I have the absolute delight these days of watching the daily vibrancy of a 5 month old. She has gone from being able to just look about to being able to reach out and touch…to being able to grab and hold….to being able to communicate….to now being able to lift herself up and just about motor about on her knees.

Literally every day brings some new growth, some new discovery, some new strength.
I find myself wanting to capture every moment. To capture in a picture or a video…to hold that moment and not release it. Sometimes, honestly, it is difficult to just enjoy the moment as I scramble to grab the camera. I’ve had to be intentional about just enjoying the moment.
Treasuring these moments in my heart. Sounds familiar, huh? How good of a thing is it that Mary didn’t have a camera? That she didn’t tell Jesus to freeze every moment for pictures or to capture the moments on video. Instead she simply treasured these things in her heart.

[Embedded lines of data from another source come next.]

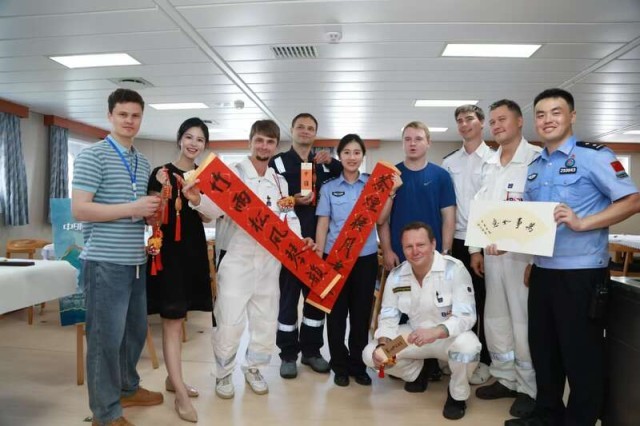 温州出入境边防检查站与船方紧密沟通,精心准备了船舱内的活动空间,将其打造成一个临时的文化驿站。中方各单位代表共同向“希洛斯”轮的船员赠送了精心准备的文化礼包,其中包括反映温州文化特色的书籍和中华传统非遗礼品。温州海外传播基地负责人为船长颁发“‘船’播中国文化驿站”牌匾,该轮成为“船播”中外文化交流的新起点。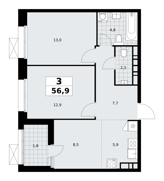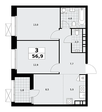 Продаётся 3-комнатная квартира, площадью 56,9 кв. м на 21-м этаже дома бизнес-класса в ЖК "Бунинские кварталы". Квартира с функциональной планировкой: большие окна, высота потолка 3,4 м, балкон.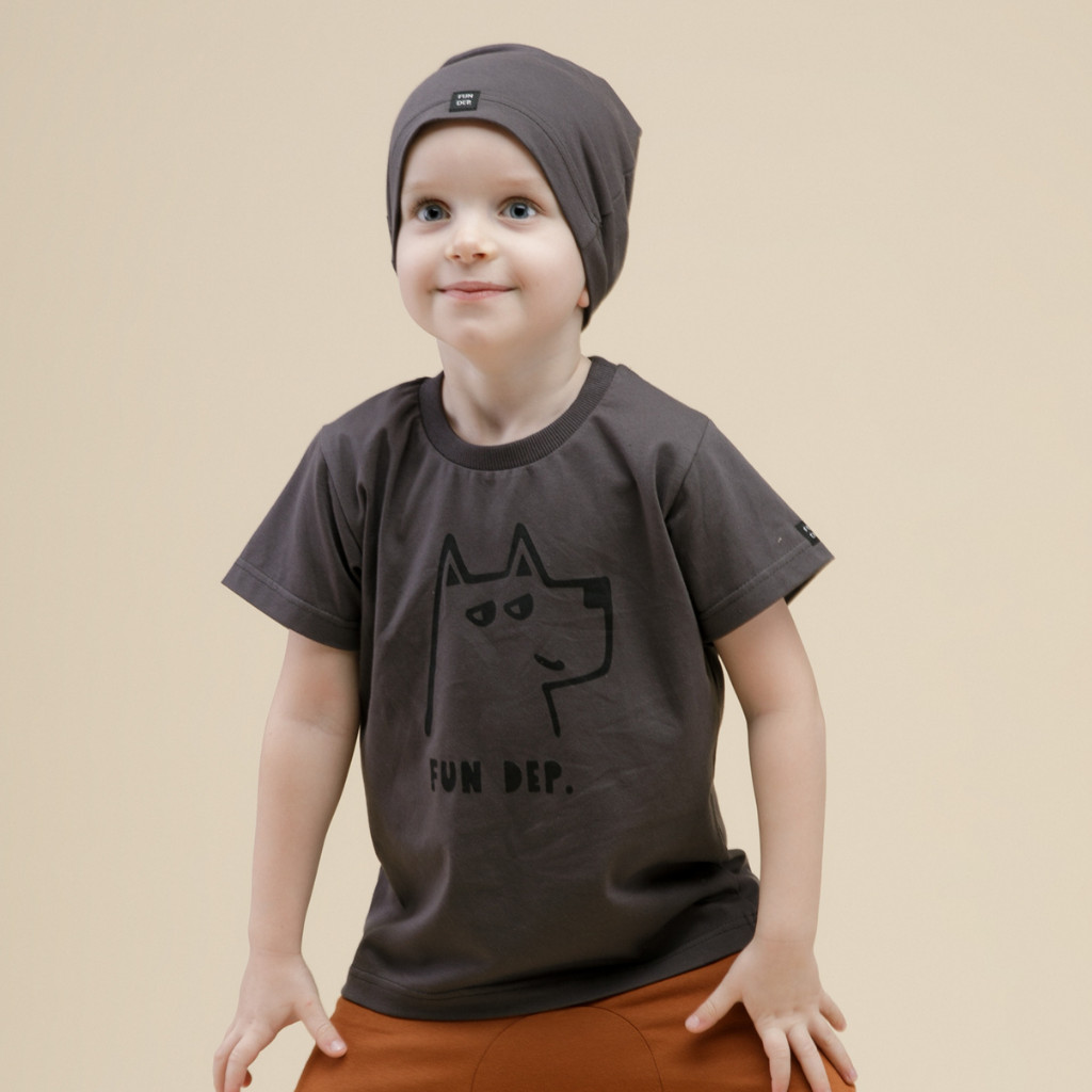 Ez a grafitszürke kisfiú póló egyszerre kényelmes és stílusos választás a mindennapokra. A mellrészen látható minimalista kutyás minta és a „Fun Dep.” felirat játékos, mégis modern megjelenést ad. A 95% pamut és 5% elasztán összetételű anyag puha tapintású, rugalmas és kíméletes a gyermekek bőréhez, így egész napos komfortot biztosít. A bordázott nyakkivágás jól illeszkedik, a kisebb méreteknél a vállrészen patent segíti az öltöztetést.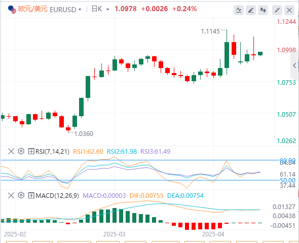 欧元/美元仍然陷入困境,尽管在美国再次放弃自己的关税政策后,投资者风险偏好普遍回升,但仍在1.1000和1.0900之间徘徊。美国总统唐纳德·特朗普通过社交媒体帖子宣布,他的政府将推迟“互惠”关税90天,尽管目前仍有10%的全面关税。全球投资者很快就在新闻中找到了买入按钮,然而,欧元短暂反弹至1.1100关口很快消失,使Fiber处于熟悉的拥堵区域。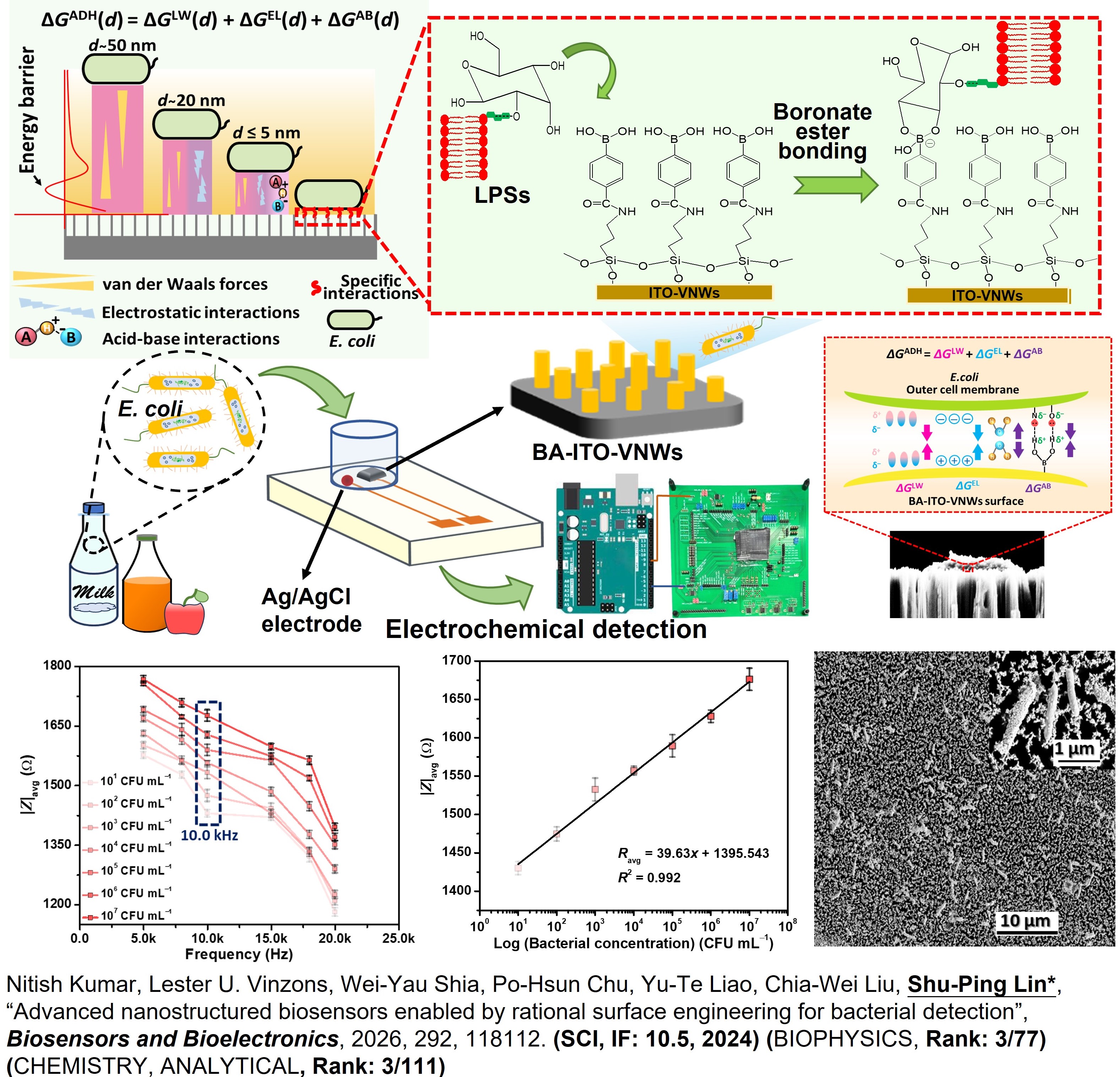 Bacterial contamination poses a persistent challenge to public health, food safety, and environmental monitoring. A research team led by Prof. Shu-Ping Lin from the Graduate Institute of Biomedical Engineering, National Chung Hsing University (NCHU), has developed a nanobrush-structured microbial biosensor capable of rapid and highly sensitive identification of Gram-specific bacteria. The study has been published in the top 3% international journal Biosensors and Bioelectronics (2024 IF: 10.5; CHEMISTRY, ANALYTICAL: Rank 3/111; BIOPHYSICS: Rank 3/77).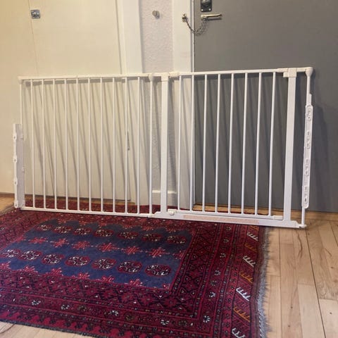 Hvidt sikkerhedsgitter til montering i døråbning. Gitteret er fremstillet i metal og spændes fast mellem karmene uden behov for skruer i væggen. Lågen kan åbnes, så passage gennem døråbningen er mulig uden at fjerne hele gitteret. Egnet til afskærmning af mindre børn eller kæledyr mellem to rum i boligen.

They are safe there….or are they?
Madeleine Jane. My girl is named after two rather amazing women…well, kinda. Her first name is really just a hat-tip to Madeleine L’Engle. We loved the name, and I loved how L’Engle spelled her name. L’Engle and her writings have had a great impact on my faith. She is a wonderful example of a strong and vibrant woman. A woman who thought deeply and treasured things in her heart, and who communicated them wonderfully.
Jane. That is for my mother, although technically my mother is Janie…her grandmother was Jane. So, Jane.

She has lived an amazing life, and I got to as a result of being by her daughter. She had an incredibly bright and quick mind, a wonderful singing voice and a sharp wit. She could intimidate the best competitor and be incredibly tender and generous to those in need. She was in many ways larger than life.
And she is fading.
As quickly as Madeleine learns a new talent, Mother forgets a piece of who she is. She forgets who her husband is, or the events of her remarkable life. She forgets her children, or remembers that she has children but does not know we are they. She forgets the day, the week, the place.
Yet, she is still present with us. And sometimes, we get the bittersweet gift of her being present mentally with us.
She delights in Madeleine, sometimes just as any baby that she would encounter, and sometimes…..sometimes she knows that this little image bearer is her namesake. And then she will hold her a little differently, speak to her a little more tenderly and tell her that she will pay attention to what becomes of this little one named for her.
And I want to grab the camera or the video and capture that moment. Because that moment is precious, and I am keenly aware that it will slip away before I am ready to let it go. I want to be able to feel it again, to hold it longer.
I want Madeleine to know this woman she is named for.